# Aim of the task
Everything below from the line with "Longer Available |" through the line with "Handmade Men Tan" must be retyped exactly, except the pictures.

# Material for this task

****

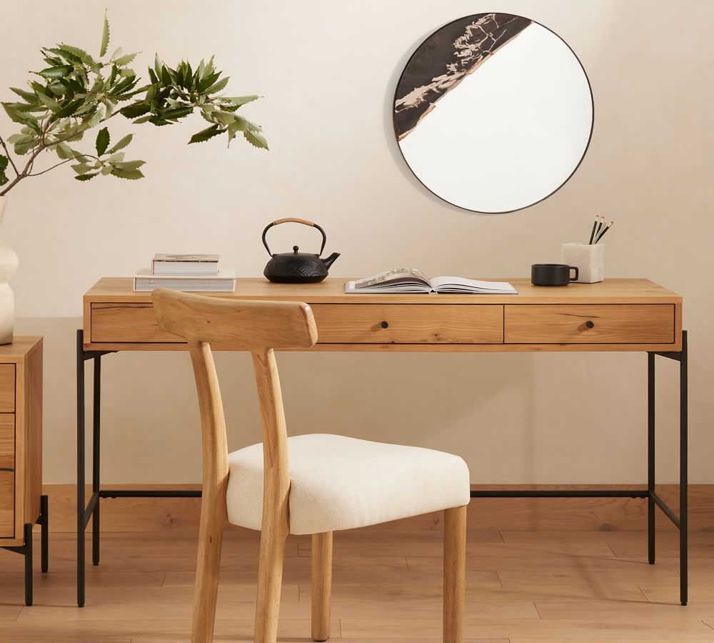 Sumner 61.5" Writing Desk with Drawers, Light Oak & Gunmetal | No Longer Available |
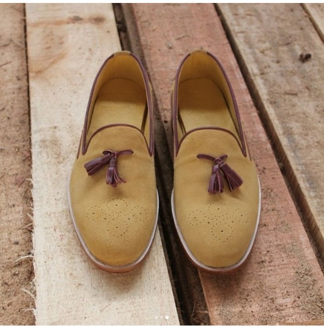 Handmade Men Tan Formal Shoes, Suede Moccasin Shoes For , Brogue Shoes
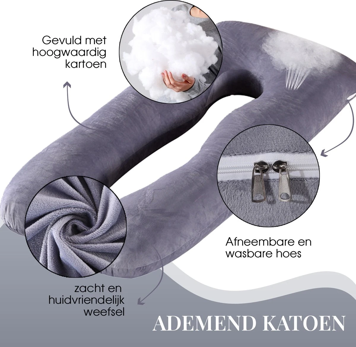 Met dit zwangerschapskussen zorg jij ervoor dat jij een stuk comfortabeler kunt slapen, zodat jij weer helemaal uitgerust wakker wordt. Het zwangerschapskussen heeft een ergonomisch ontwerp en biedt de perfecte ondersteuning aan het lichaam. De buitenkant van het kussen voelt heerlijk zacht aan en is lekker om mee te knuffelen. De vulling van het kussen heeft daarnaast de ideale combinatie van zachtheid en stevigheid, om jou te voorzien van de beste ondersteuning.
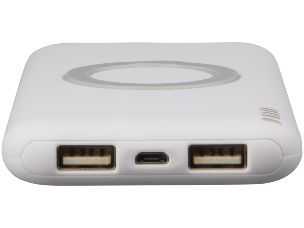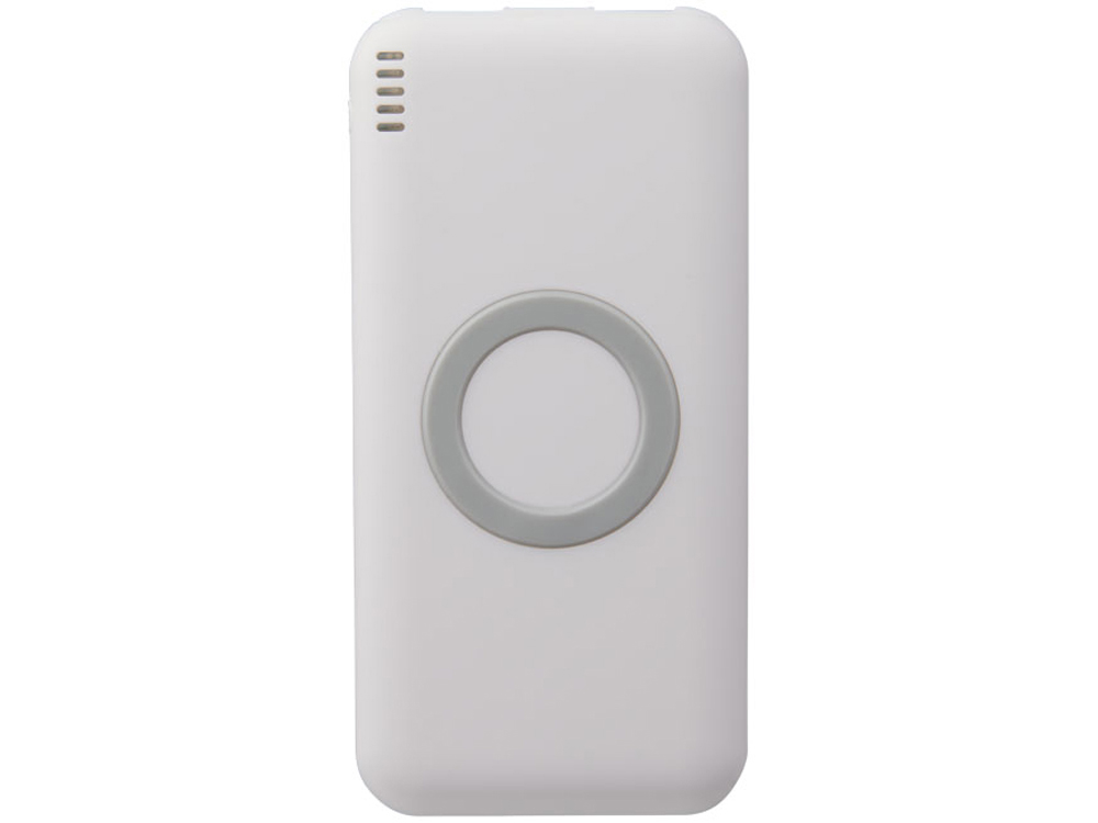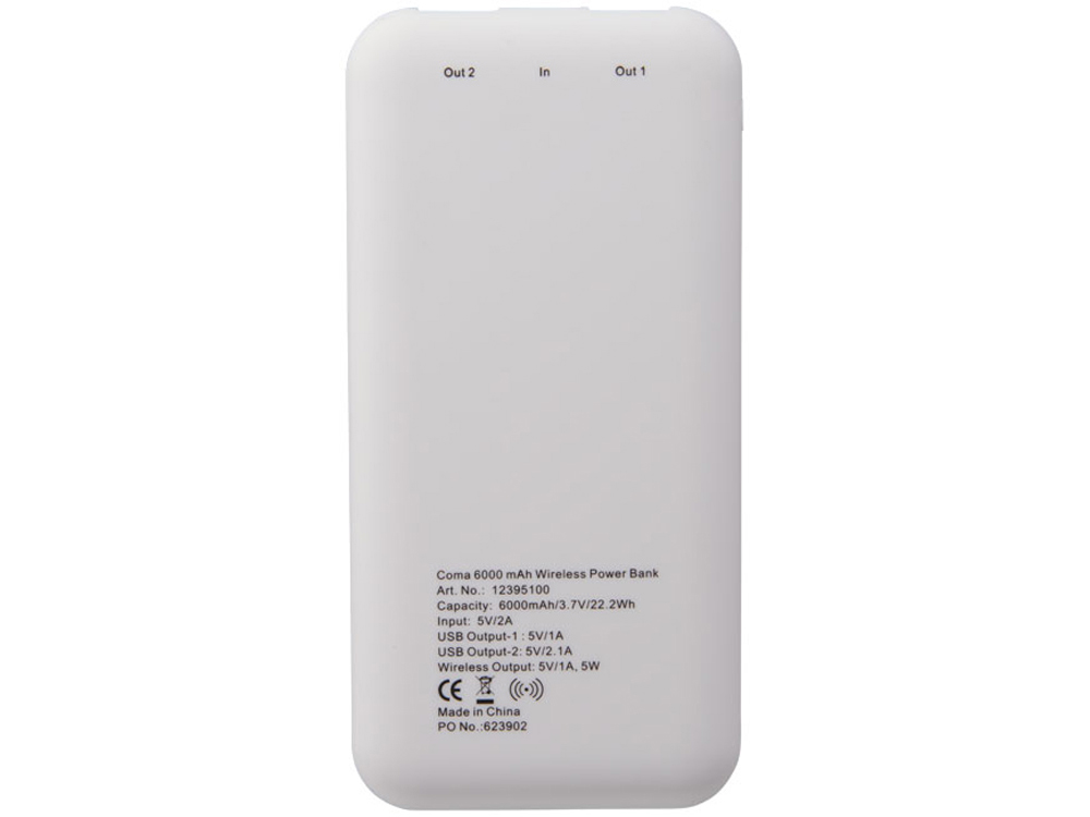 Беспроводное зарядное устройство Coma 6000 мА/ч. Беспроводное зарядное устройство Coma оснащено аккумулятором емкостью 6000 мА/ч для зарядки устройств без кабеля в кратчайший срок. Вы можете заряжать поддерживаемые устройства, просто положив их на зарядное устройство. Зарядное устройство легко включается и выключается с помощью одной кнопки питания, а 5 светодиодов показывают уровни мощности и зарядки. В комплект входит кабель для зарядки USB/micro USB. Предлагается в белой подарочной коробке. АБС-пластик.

****

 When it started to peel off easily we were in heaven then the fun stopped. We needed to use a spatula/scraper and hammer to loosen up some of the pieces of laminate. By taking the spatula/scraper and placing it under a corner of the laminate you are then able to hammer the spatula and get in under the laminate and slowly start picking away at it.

****

# Output for this task
 Sumner 61.5" Writing Desk with Drawers, Light Oak & Gunmetal | No Longer Available |
 Handmade Men Tan Formal Shoes, Suede Moccasin Shoes For , Brogue Shoes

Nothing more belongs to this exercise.